• [YOUR OBJECTIVE] Reproduce only what runs from the line containing "Description: A lake" to the line containing "Maak kennis met" in the records below, inclusive. Keep it exact, and keep the pictures out.

Entries taken from a collection
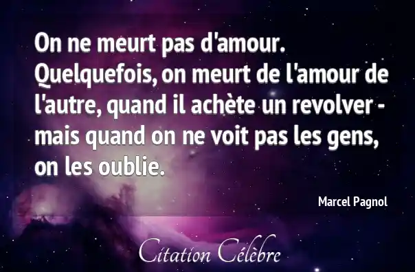 On ne meurt pas d'amour. Quelquefois, on meurt de l'amour de l'autre, quand il achète un revolver - mais quand on ne voit pas les gens, on les oublie.
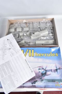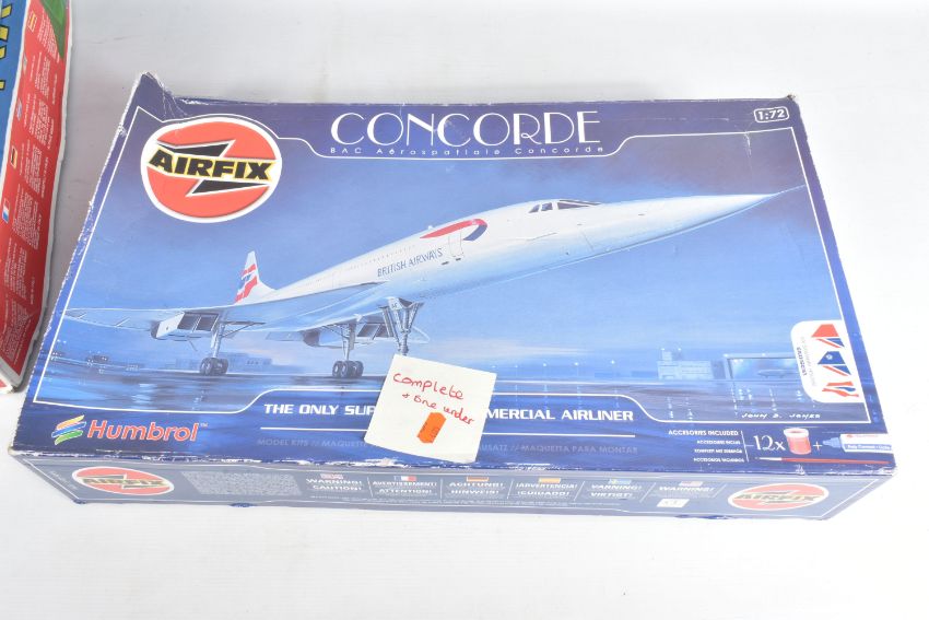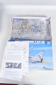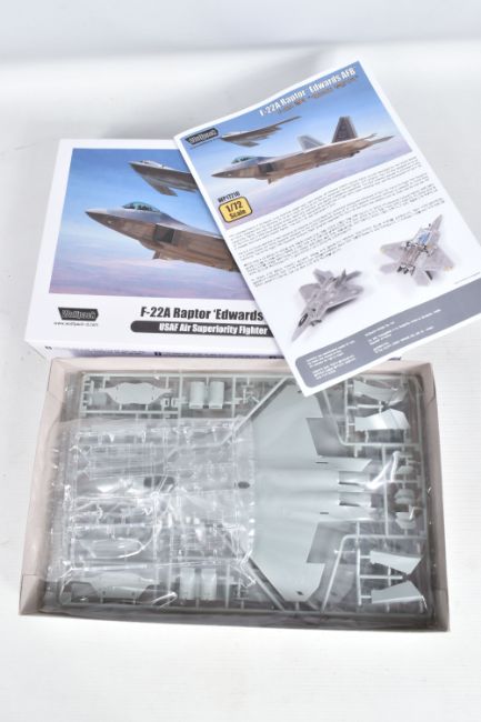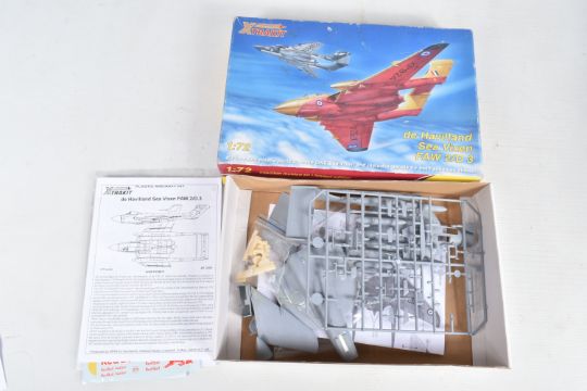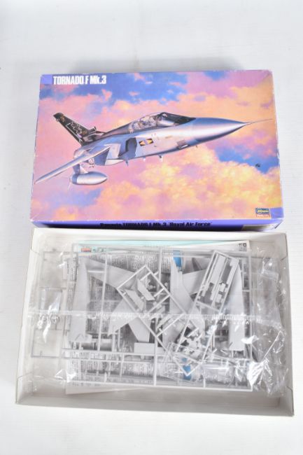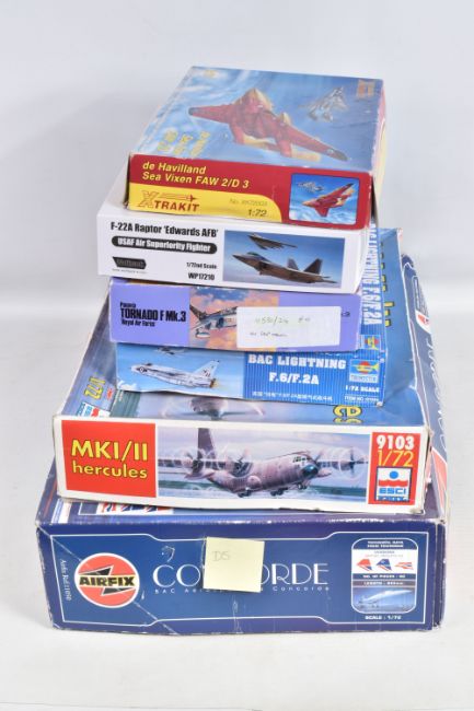 SIX BOXED MILITARY AIRCRAFT 1:72 SCALE UNBUILT MODEL KITS, to include a Hasegawa Hobby Kits Tornado F Mk.3, with instructions, decals, pieces in factory sealed bag, item no. 04031, an XTrakit de Havilland Sea Vixen FAW.2, includes instructions decals, pieces loose in box, some attached to sprues, also has to unopened Modelworks decals, item no.XK72003, a Wolfpack F-22A Raptor 'Edwards AFB' USAF Air Superiority Fighter, with instructions and pieces in factory sealed bags, like new, item no. WP17210, a Trumpeter BAC Lightning F.6/F.2, with instructions, partial built, pieces loose in box and some in bag attached to sprues, item no. 01654, an ESCI ERTL MKI/II Hercules, with instruction, pieces loose, attached to sprues and some in bags, item no. 9103, and an Airfix Concorde BAC Aerospatiale Concorde, with instructions, pieces in factory sealed bags, item no. 11050, the kits have not had contents checked for completion, outer boxes appear in fair to good condition, there are signs of wear with peeling corners, scuffs to edges and some boxes with slight crushing
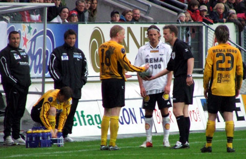 Pussig situasjon: Tom Nordlie sparket til ballen før den hadde gått over sidelinja. Dermed måtte dommer Tommy Skjerven droppe ballen foran Start-benken.
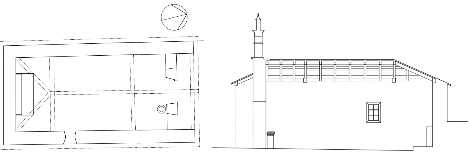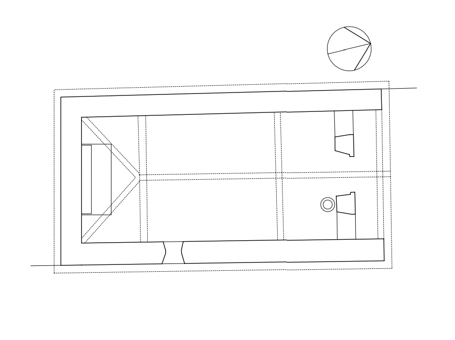 | Planta y sección longitudinal de la capilla. |
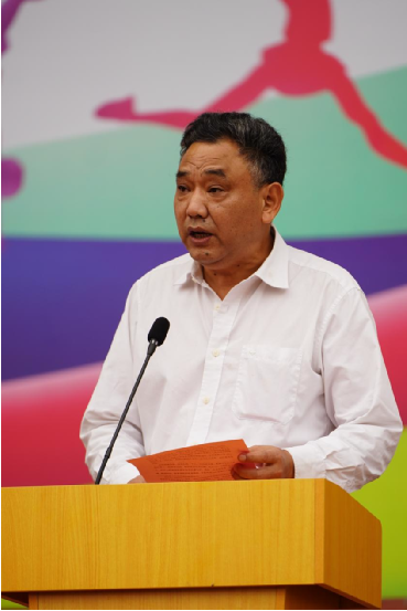 校党委副书记吴有恩代表学校,对运动会的顺利召开表示热烈的祝贺,向为本次运动会付出辛勤劳动的师生员工表示衷心的感谢,向参加运动会的运动员和裁判员致以最诚挚的敬意。他表示,学校高度重视体育活动,一直以来,把体育工作摆在突出位置,努力构建新时代德智体美劳全面培养的教育体系。他回顾了近年来学校在竞技体育方面取得成绩,希望大家继续弘扬“更快、更高、更强、更团结”的奥林匹克精神,传承“为国争光、无私奉献、科学求实、遵纪守法、团结协作、顽强拼搏”的中华体育精神,在赛场上顽强拼搏、勇攀高峰。并号召同学们在大学期间爱上一种体育运动,使其成为终身兴趣,把自己汗水洒在运动场上,把自己矫健身影留在竞争比赛当中,成就勇往直前、顽强拼搏、精诚团结、锐意进取的体育精神,并使其成为促使我们不断成长、推动学校事业持续发展的精神动力。
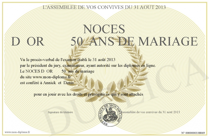 Envoyez par email votre NOCES D OR 50 ans de mariage personalisé
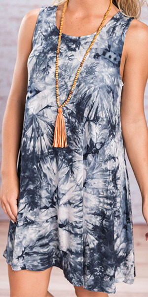 Features a chic printed pattern,with sleeveless,round neck,a loose silhouette and a cutout
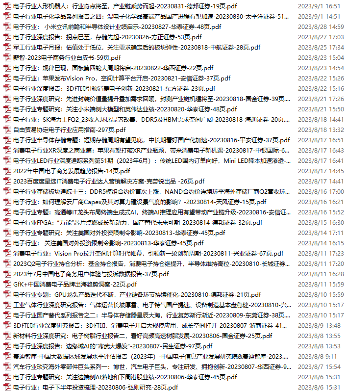 电子行业资料包,月度新增19份(2023.9.2-10.8)
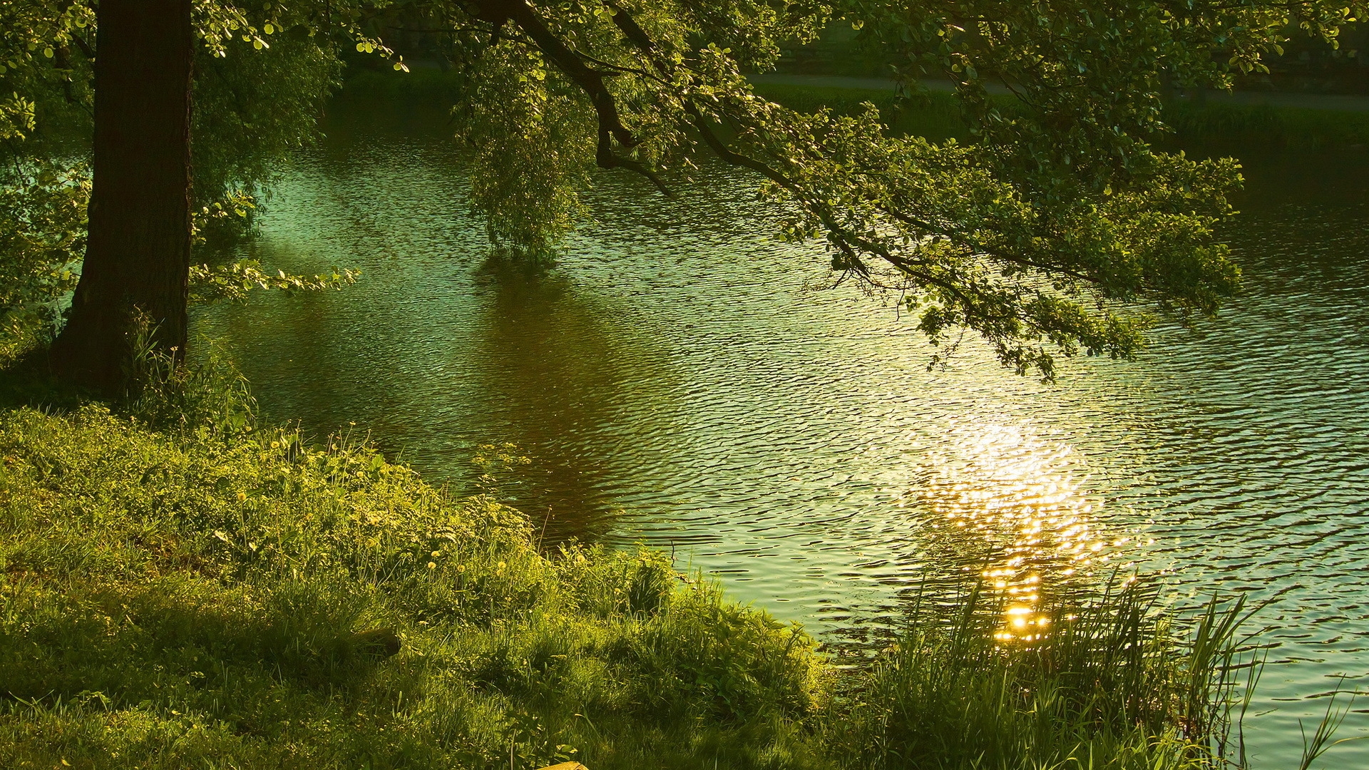 Description: A lake with a tree and a bench in the grass near it and the sun shining through the trees.
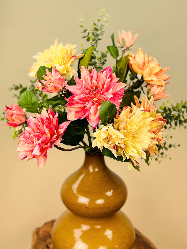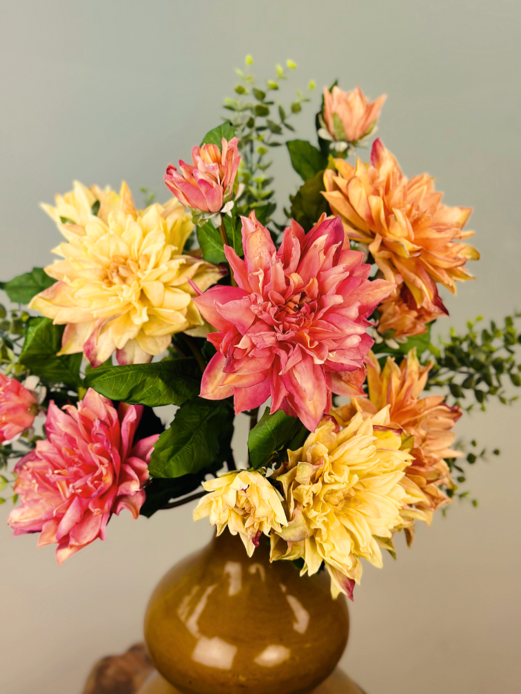 Maak kennis met ons prachtige zijdenbloemen boeket 'Orlesian Flowers'. Dit boeket is gevuld met pastelgekleurde Dahlia's. Perfect voor de Dahlia liefhebber die het hele jaar van deze prachtige bloemsoort wilt genieten. Zijdenbloemen boeket "Orelsian Flowers" is verkrijgbaar met of zonder de trendy vaas.
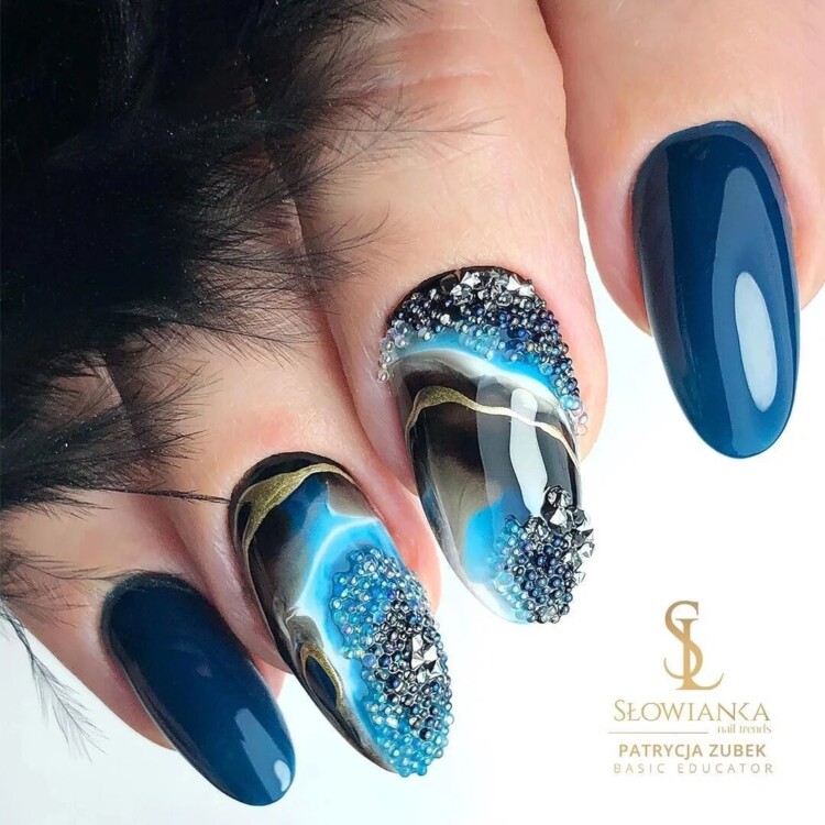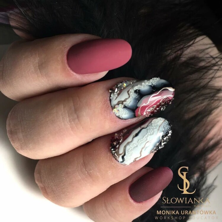 Як і в попередньому випадку, для досягнення ідеального ефекту майстри використовують різноманітні техніки промальовування. А найкреативніші пускаються в справжні експерименти і за допомогою багатошаровості створюють справжній ефект розрізу турмаліну, аметисту, агату і так далі.
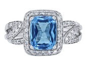 18K White Gold Blue Topaz with Diamond Halo Ring
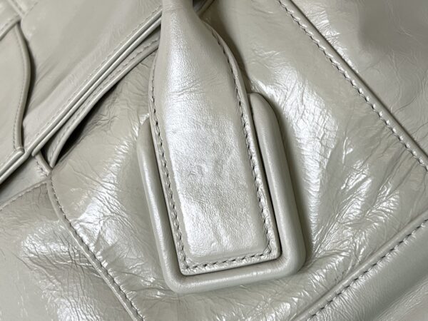 부드러운 질감의 오일 왁스 가죽으로 제작된 손잡이 백입니다.
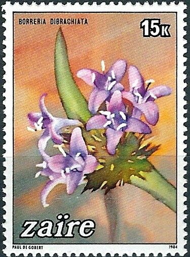 Visibility: public Image owner: none postage 5/28/1984 15k multi dt=flowers of Zaire unwmk Crops No visible images cropped from this one. Measurements Resolution is unknown. Source Source name: Colnect File URL: http://i.colnect.net/b/5978/909/Borreria-Dibraghiata.jpg Uploaded October 30, 2019, 5:18 pm by Stan Shebs |
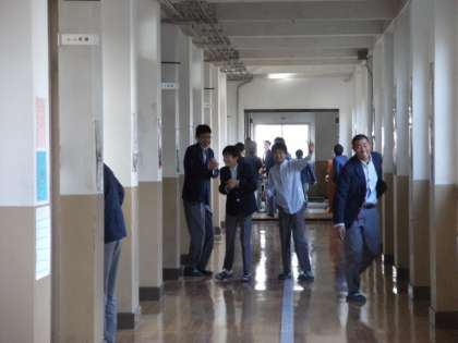 本日朝の学活時に保健体育委員長より、「今日から2・3限の間の休み時間に換気放送を流します。音楽が流れている間、窓を開けて換気してください。風邪をひかないように気をつけましょう!」と呼びかけがありました。

• [RESPONSE TO THE TASK]
 Description: A lake with a tree and a bench in the grass near it and the sun shining through the trees.
 Maak kennis met ons prachtige zijdenbloemen boeket 'Orlesian Flowers'. Dit boeket is gevuld met pastelgekleurde Dahlia's. Perfect voor de Dahlia liefhebber die het hele jaar van deze prachtige bloemsoort wilt genieten. Zijdenbloemen boeket "Orelsian Flowers" is verkrijgbaar met of zonder de trendy vaas.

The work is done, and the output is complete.